From Range Exhibit

Friday, March 24, 2017

Table Objects No. 7
122 cm x 153 cm 
Acrylic on canvas 
2017




Table Objects No. 8
122 cm x 153 cm 
Acrylic on canvas
2017

Range

Friday, March 10, 2017




RANGE
Resty Tica and Rick Hernandez at Renaissance

By Cid Reyes

Two-man shows are the artistic equivalent of partnership in business where the two investors collectively bring their capital and individual strengths and skills. In like manner, a tandem show must never proceed just for the purpose of filling up a sizable gallery space, but more significantly, to draw attention either to the similarity or contrast of themes, because, to paraphrase a popular expression: two paintbrushes are better than one.

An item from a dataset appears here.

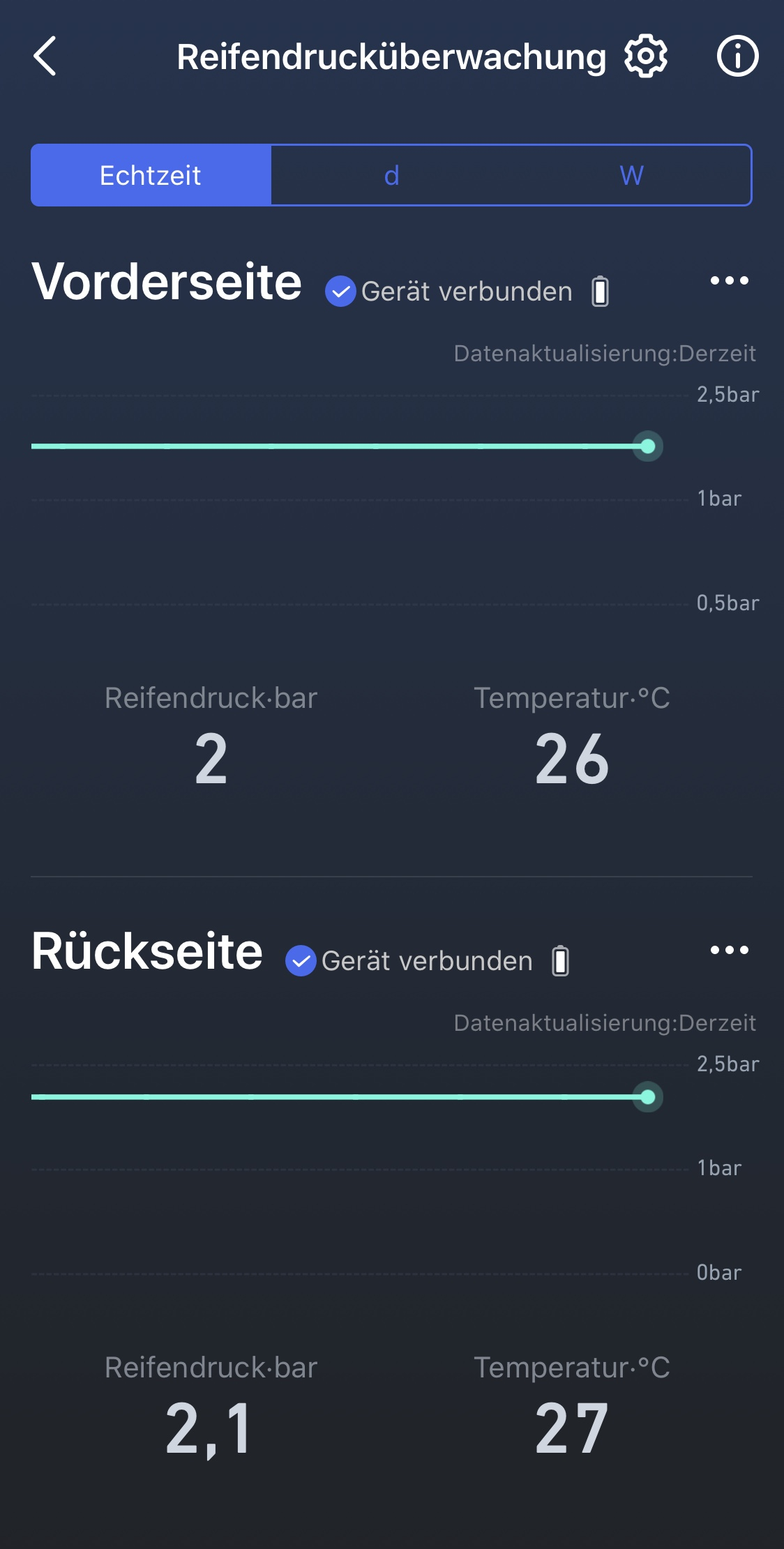 Nun gut, dann bin ich flott an die Tanke um die Ecke und hab vorne 2,1 bar und hinten 2,3 bar drauf gemacht. Diese Werte wichen aber bei den Sensoren auch ab. Die zeigten vorne 2 und hinten 2,1bar an. Beim in den Keller rücken sogar hinten nur 2 bar. Als Temperaturfühler sind die Teile allerdings gut.

Currently on view at the Renaissance Gallery is the tandem exhibition of Resty Tica and Rick Hernandez in a show titled “Range.” Both are avowed abstractionists showing their works at the gallery that has made abstraction the idiom of choice. But even in abstraction, commonalities may occur as well as diversions. To wit: can anything be more different than Jackson’s Pollock’s wild gestural strokes and Marc Rothko’s serene fields of color?

Now with several solo exhibitions to his name, Resty Tica has consistently pursued an abstraction of subtlety and tranquility, evoking an illusion of vast spaces, the more intriguing because they are contained within a comparatively limited space of pristine paper and contained under the protective armor of a glassed frame. Tica’s works  allude to nature and the passage of time, even within the circumscribed span of a day and night. They are extremely lyrical but with a decidedly muffled tone, as though the rising of the visual decibels, as it were, had not been allowed to rise higher than an octave. Thus, expect no piercing screams of emotions, or outrage, or agitations of the spirit. Instead, there are visual whispers, and certainly not shy, but confidently delivered and properly enunciated.

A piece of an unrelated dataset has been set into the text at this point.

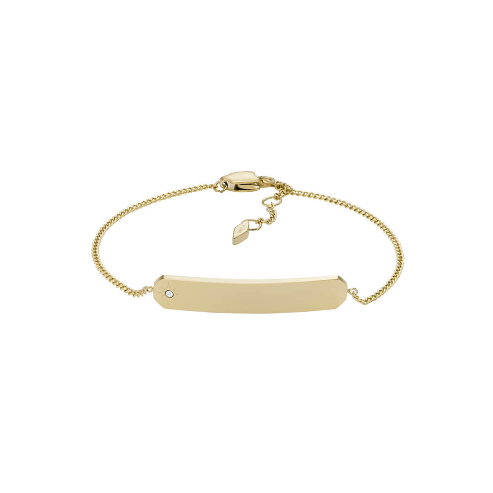 Fossil Yellow Gold Plated Stainless Steel Drew ID Bracelet

For instance, “Vermillion Afternoon” conveys a shimmering brilliance in sync with the setting sun, as the red-orange ball of fire starts to descend below the quietly rippling waters of the bay. In the plainly titled “Leaves,” again it is the implication of hues, verdant green, sternly avoiding this side of lush and lavish nature that can manifest itself in flamboyant foliage and vegetation.

In Tica’s hands, abstraction is a gentle orchestration of space and subtleties, achieved through controlled brushwork, stripping away unnecessary excrescences but never to the extent of aridity.

If Resty Tica is a devotee of space, Rick Hernandez is an acolyte of geometry. And what more primal exemplar of geometry is there than the ordinary domestic table? With its flat, slab like surface, whether in the shape of a square, rectangle, circle or triangle, and its four upright legs, the object is all angles at every corner. No wonder, Picasso and Braque used the table as the arena of all their fractured still lifes, upon which level surface they placed their jugs and carafes, wine bottles and fruit dish, compote bowls and saucepans, skulls and mandolin.

Hernandez, however, has opted for a more severe and stark territory, a puritan’s table, as it were, unburdened by objects and ornaments. This is a table that can metamorphose into a window or a door, and just as easily pay homage to Mondrian or to Ad Reinhardt or to Agnes Martin.

In “Range,” both Resty Tica and Rick Hernandez continually refine their art until their works reach a stage of distilled presence and elegant detachment, thereby reaping the rewards of their artistic capital and individual strengths.